Assignment: Print nothing but the lines below starting at the line that holds "Gear New Skull" and ending at the line that holds "Glass bottle containing", including both, each exactly as written.

Dataset records:
===

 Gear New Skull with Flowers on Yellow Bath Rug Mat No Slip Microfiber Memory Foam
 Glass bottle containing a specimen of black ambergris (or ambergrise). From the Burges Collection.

===

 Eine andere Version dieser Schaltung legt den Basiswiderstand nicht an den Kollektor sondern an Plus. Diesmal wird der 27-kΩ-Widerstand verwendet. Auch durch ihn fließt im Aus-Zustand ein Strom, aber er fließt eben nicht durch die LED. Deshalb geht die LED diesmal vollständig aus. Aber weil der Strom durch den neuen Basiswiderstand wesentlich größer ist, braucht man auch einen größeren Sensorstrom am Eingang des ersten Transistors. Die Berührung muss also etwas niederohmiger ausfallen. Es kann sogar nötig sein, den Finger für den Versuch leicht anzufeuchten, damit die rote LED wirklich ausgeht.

===

Answer to the exercise:
 Gear New Skull with Flowers on Yellow Bath Rug Mat No Slip Microfiber Memory Foam
 Glass bottle containing a specimen of black ambergris (or ambergrise). From the Burges Collection.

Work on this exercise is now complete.